REQUIRED WORK:
Starting with the line that holds "L'ensemble de tables" and stopping after the line that holds "(通讯员 王坤根据河南省综治", repeat the lines below word for word, without the pictures.

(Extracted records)
_ _ _ _ _

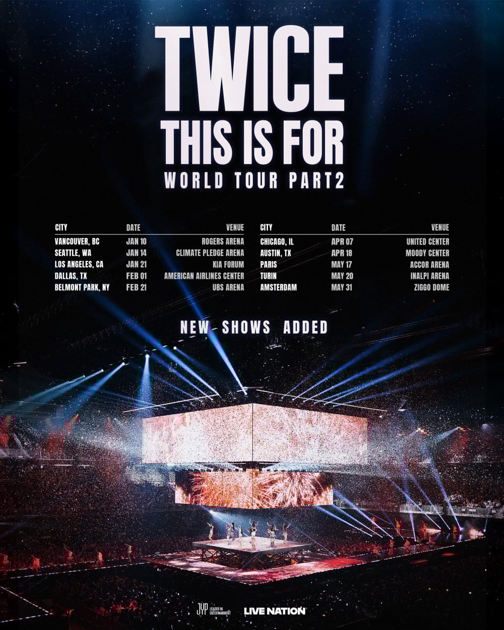 Following last week's ticket sales, TWICE added second shows in Oakland, Washington, D.C, Hamilton, Orlando, Boston, and London, as well as a third show in Los Angeles. Additional shows now include second performances in Vancouver, Seattle, Dallas, Chicago, Austin, Paris, and Amsterdam, while Belmont Park, NY, will host a third show. A new date has also been announced in Turin, Italy. This expansion brings the total number of newly added shows to 17, including the first-ever K-pop arena shows in Detroit, St. Paul, Denver, Boston, and Montreal.
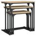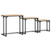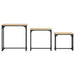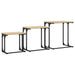 L'ensemble de tables basses se compose de différentes tailles, vous permettant de répondre à différents besoins et situations. Les petites tables s'insèrent sous les plus grandes, ce qui garantit une utilisation optimale de l'espace disponible. Le bois d'ingénierie de haute qualité utilisé pour ces tables garantit une surface lisse et offre une forte stabilité et résistance à l'humidité. Les cadres en métal ajoutent également un look industriel cool, ce qui rend l'ensemble non seulement pratique, mais aussi une amélioration visuelle à votre décor.
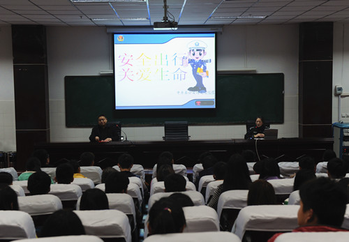 (通讯员 王坤根据河南省综治办《关于深入开展平安河南建设宣传月活动的通知》和省教育厅的相关通知精神,为进一步加大平安建设宣传工作力度,3月17日下午,学院党委宣传部、保卫处邀请中牟县交警大队李娟警官4104报告厅作“平安交通伴我行”讲座。讲座由保卫处处长王铁俊主持。
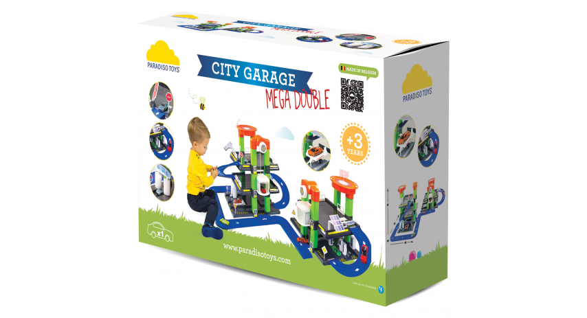 This is an amazing double Mega-city garage multi-tiered edition that takes the garage playset to a new level and guarantees hours of imaginative play for the kids! Versatile double garage, one side with 3 levels simulates real garages with speed limit signs, ramps, an elevator and a car wash. And another side with 2 levels simulates real garages with speed limit signs, ramps, an elevator, with a gas station. Each garage includes a helipad on the top of the parking garage when a helicopter must land for an emergency Each garage is connected by a road for fun playtime. Including 1 toy car to explore the 3 levels of the garage and the surrounding roads. This Mega-city parking garage will help your kid to feel very curious and will develop his/her imagination as well as eye/hand coordination. Follow the instructions to assemble the garage and then personalize it with the stickers included. Versatile city garage playset in high-end plastic fits perfectly for Hot Wheels cars and manufactured in Belgium.
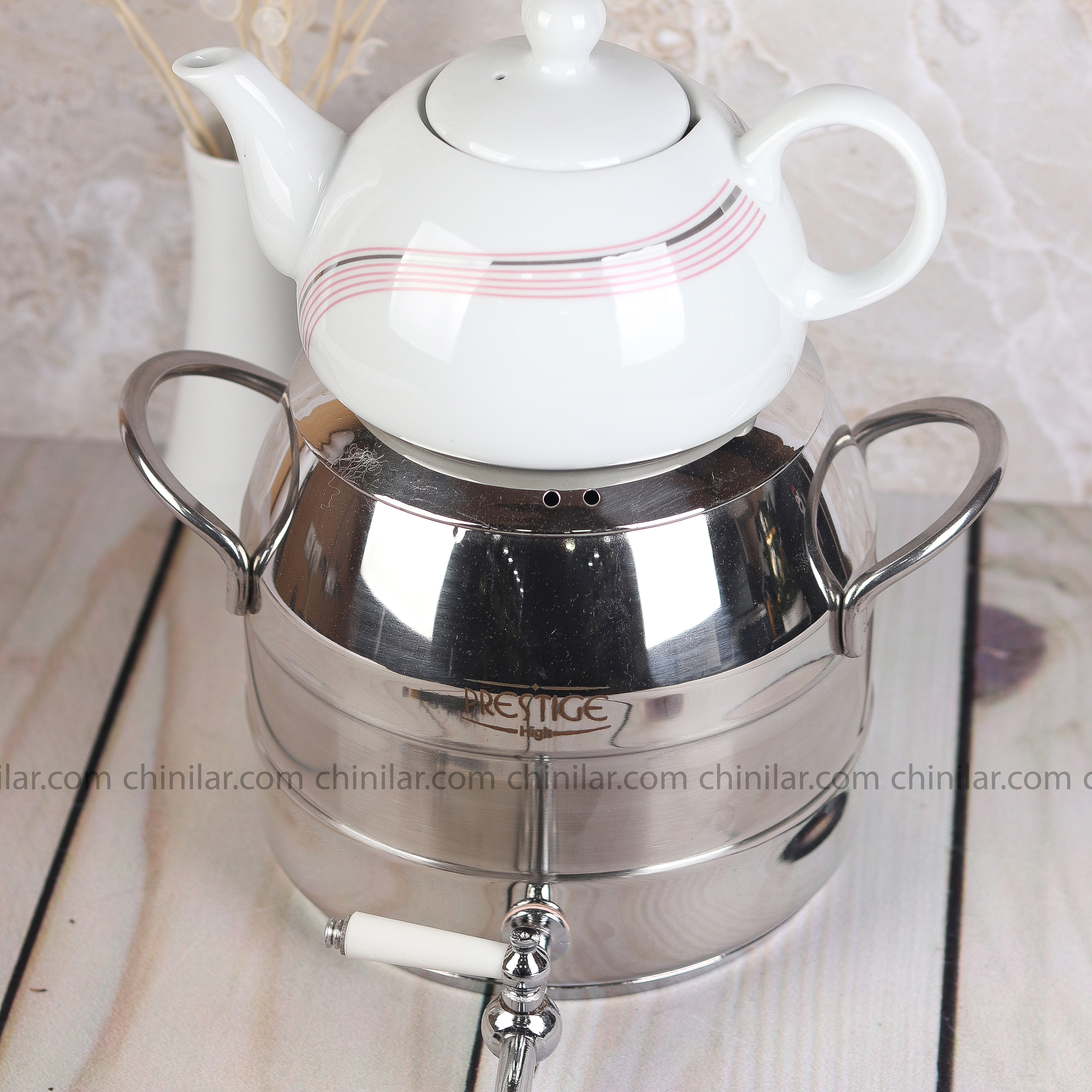 کتری و قوری استیل پرستیژ طرح ترک 2050 دسته استیل
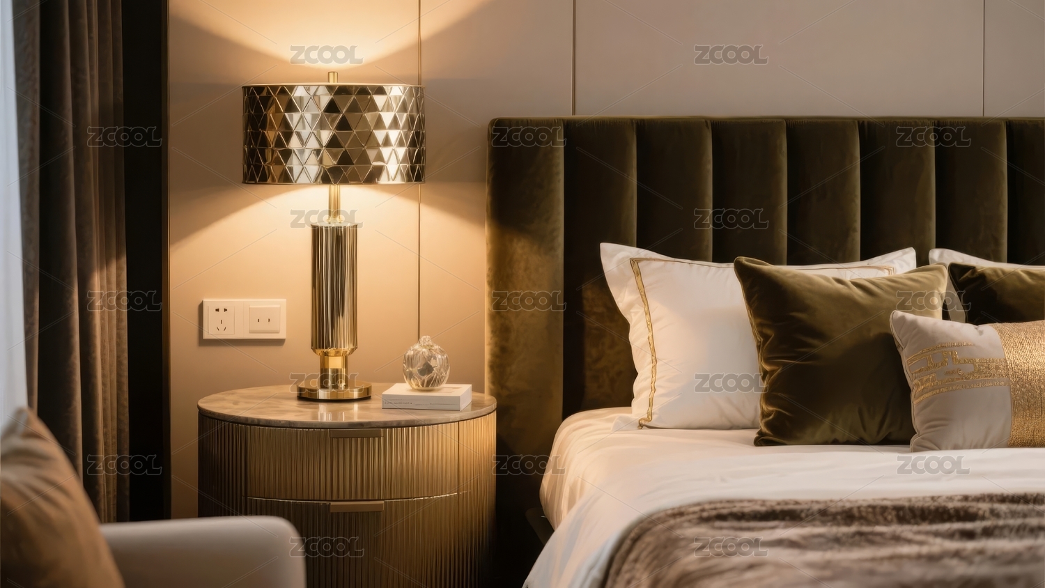 室内放有多个枕头的床上一角及床头柜上的台灯
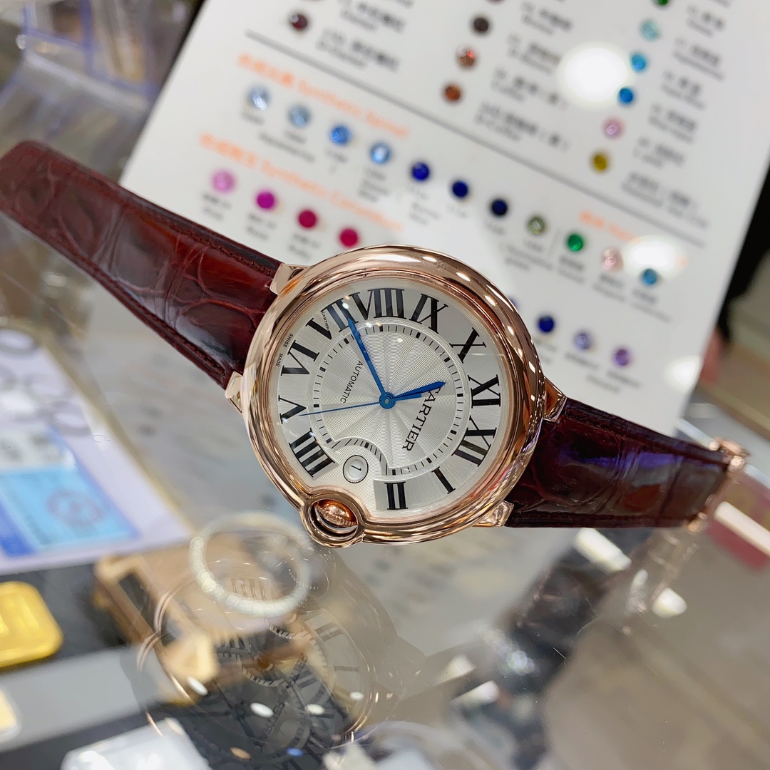 这款手表是AAAAA 1:1 质量 (非常棒). 使用了和原版一模一样的材料. 商标部分也保持了和卡地亚/Cartier一样. 图片拍摄是实物手表拍摄, 您所收到的实物保证和我们图片一模一样.

_ _ _ _ _

EXERCISE SOLUTION:
 L'ensemble de tables basses se compose de différentes tailles, vous permettant de répondre à différents besoins et situations. Les petites tables s'insèrent sous les plus grandes, ce qui garantit une utilisation optimale de l'espace disponible. Le bois d'ingénierie de haute qualité utilisé pour ces tables garantit une surface lisse et offre une forte stabilité et résistance à l'humidité. Les cadres en métal ajoutent également un look industriel cool, ce qui rend l'ensemble non seulement pratique, mais aussi une amélioration visuelle à votre décor.
 (通讯员 王坤根据河南省综治办《关于深入开展平安河南建设宣传月活动的通知》和省教育厅的相关通知精神,为进一步加大平安建设宣传工作力度,3月17日下午,学院党委宣传部、保卫处邀请中牟县交警大队李娟警官4104报告厅作“平安交通伴我行”讲座。讲座由保卫处处长王铁俊主持。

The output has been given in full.